■ Activity ■
Return an exact copy of the data, starting at its first line and ending at the line that contains "Комплект (блузка и", minus any pictures.

■ Recorded information ■
*** Block opens ***

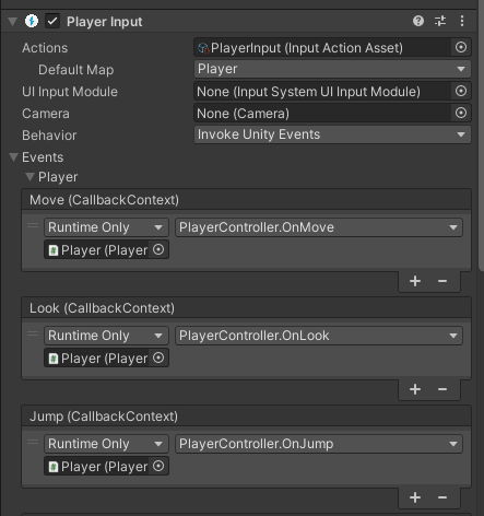 이런 식으로 원하는 행동에 대한 값을 정하고 나면 player 오브젝트에 player input 컴포넌트를 추가하고 만들어둔 inputAction을 넣어준다.
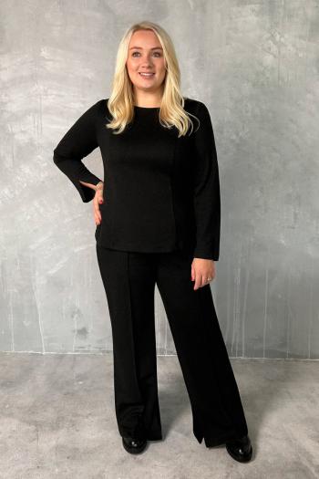 Комплект (блузка и брюки): - блузка полуприлегающего силуэта, длиной до линии бедер. -блузка с притачным поясом по талии из отделочной ткани -линия плеча спущена, рукава одношовные, втачные, длинные -по поясу притачаны шлевки и вставлен пояс -брюки полуприлегающего силуэта, длиной до щиколотки -по переду выполнена застежка на тесьму-«молнию» -на притачном поясе, по спинке которого вставлена резинка.
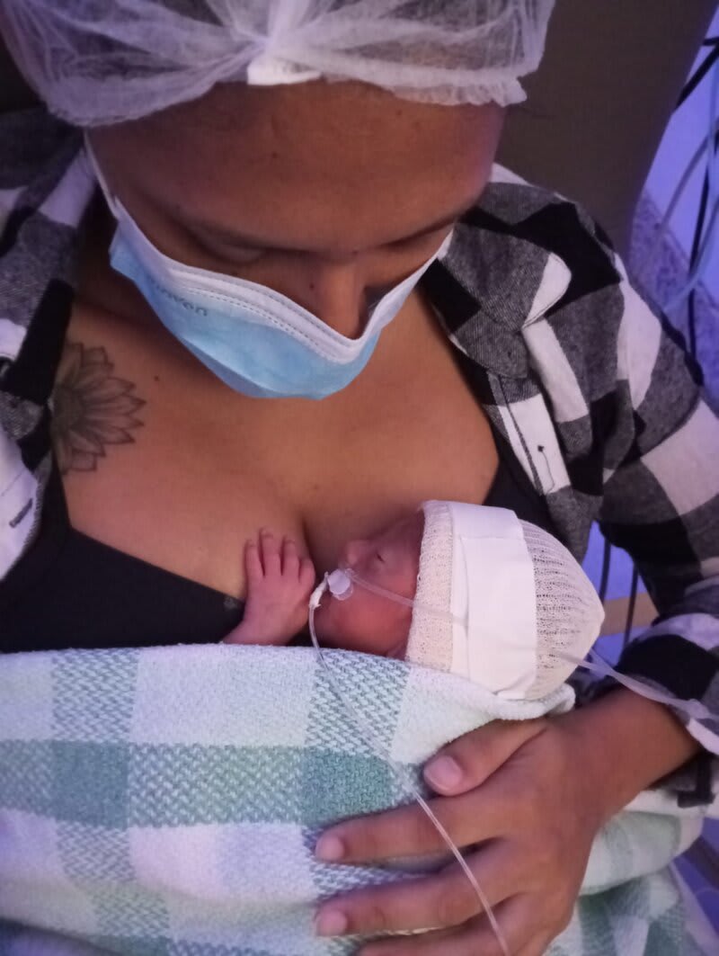Meu filho Ravi nasceu pesando 1kg290g, sem necessidade de intubação e permanecendo no CPAP sem complicações graves de prematuridade. Tive uma hemorragia durante o parto, que foi controlada com o uso de fórceps e suturas. Ravi ficou na UTIN por 30 dias para ganhar peso e se desenvolver adequadamente, recebendo alta em segurança. Após nossa saída da UTI neo, ficamos juntos no quarto para que Ravi se habituasse à amamentação e, após 36 dias, finalmente recebemos alta hospitalar. Apesar dos desafios, fomos para casa juntos, com Ravi saudável e em condições de receber o acompanhamento necessário.
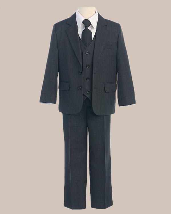 - 5-Piece formal boy’s suit includes Jacket, Pants, Vest, Shirt and Tie

*** Block closes ***

■ Solution ■
 이런 식으로 원하는 행동에 대한 값을 정하고 나면 player 오브젝트에 player input 컴포넌트를 추가하고 만들어둔 inputAction을 넣어준다.
 Комплект (блузка и брюки): - блузка полуприлегающего силуэта, длиной до линии бедер. -блузка с притачным поясом по талии из отделочной ткани -линия плеча спущена, рукава одношовные, втачные, длинные -по поясу притачаны шлевки и вставлен пояс -брюки полуприлегающего силуэта, длиной до щиколотки -по переду выполнена застежка на тесьму-«молнию» -на притачном поясе, по спинке которого вставлена резинка.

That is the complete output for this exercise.